ACTIVITY – Your task is to output the listing word for word, with pictures excluded.

** Opening DATA SEGMENT block **

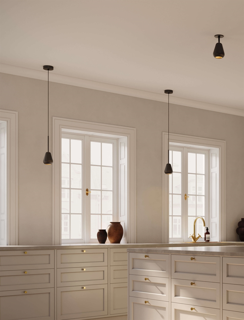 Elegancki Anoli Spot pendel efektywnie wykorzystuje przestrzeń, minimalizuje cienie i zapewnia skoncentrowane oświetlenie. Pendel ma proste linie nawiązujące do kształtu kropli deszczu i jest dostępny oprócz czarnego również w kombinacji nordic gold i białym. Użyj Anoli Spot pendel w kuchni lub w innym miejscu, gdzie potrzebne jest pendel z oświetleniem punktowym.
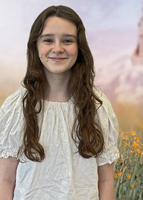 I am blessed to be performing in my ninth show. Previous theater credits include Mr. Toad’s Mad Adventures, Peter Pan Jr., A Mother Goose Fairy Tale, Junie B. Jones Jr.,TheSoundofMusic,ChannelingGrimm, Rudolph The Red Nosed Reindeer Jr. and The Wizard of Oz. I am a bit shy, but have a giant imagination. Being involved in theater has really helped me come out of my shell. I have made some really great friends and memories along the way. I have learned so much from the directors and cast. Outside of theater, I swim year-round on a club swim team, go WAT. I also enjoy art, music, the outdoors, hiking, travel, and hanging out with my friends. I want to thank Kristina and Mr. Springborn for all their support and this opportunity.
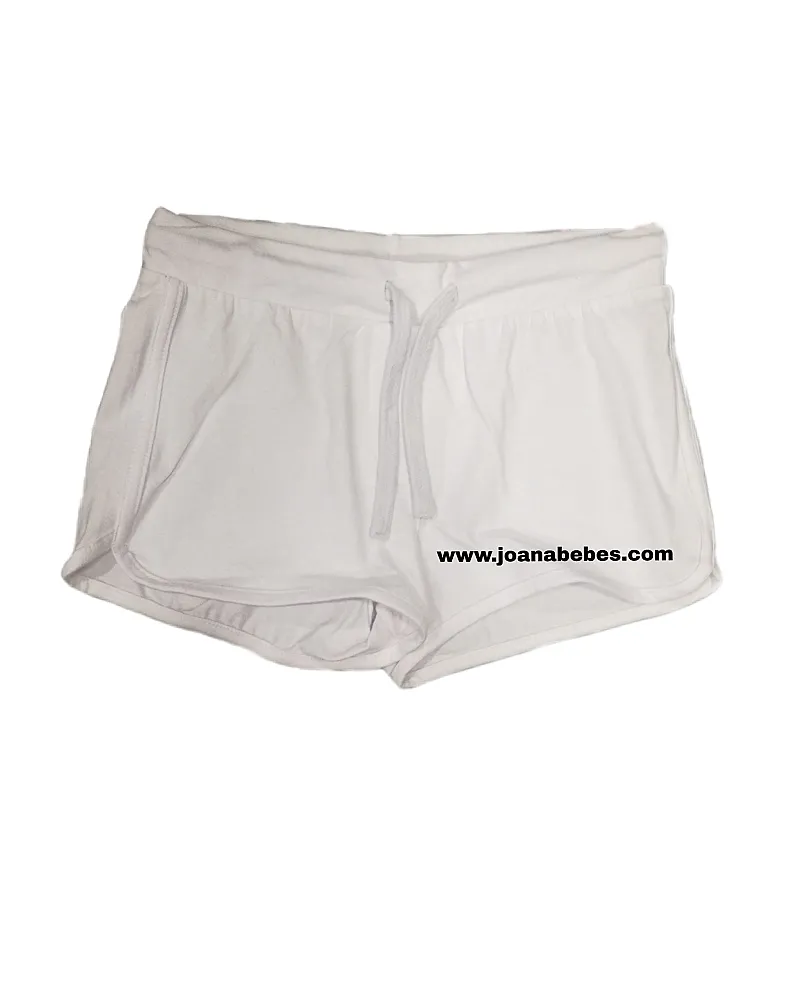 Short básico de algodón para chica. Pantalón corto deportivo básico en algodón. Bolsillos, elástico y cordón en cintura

** Closing DATA SEGMENT block **

ANSWER TO THIS EXERCISE –
 Elegancki Anoli Spot pendel efektywnie wykorzystuje przestrzeń, minimalizuje cienie i zapewnia skoncentrowane oświetlenie. Pendel ma proste linie nawiązujące do kształtu kropli deszczu i jest dostępny oprócz czarnego również w kombinacji nordic gold i białym. Użyj Anoli Spot pendel w kuchni lub w innym miejscu, gdzie potrzebne jest pendel z oświetleniem punktowym.
 I am blessed to be performing in my ninth show. Previous theater credits include Mr. Toad’s Mad Adventures, Peter Pan Jr., A Mother Goose Fairy Tale, Junie B. Jones Jr.,TheSoundofMusic,ChannelingGrimm, Rudolph The Red Nosed Reindeer Jr. and The Wizard of Oz. I am a bit shy, but have a giant imagination. Being involved in theater has really helped me come out of my shell. I have made some really great friends and memories along the way. I have learned so much from the directors and cast. Outside of theater, I swim year-round on a club swim team, go WAT. I also enjoy art, music, the outdoors, hiking, travel, and hanging out with my friends. I want to thank Kristina and Mr. Springborn for all their support and this opportunity.
 Short básico de algodón para chica. Pantalón corto deportivo básico en algodón. Bolsillos, elástico y cordón en cintura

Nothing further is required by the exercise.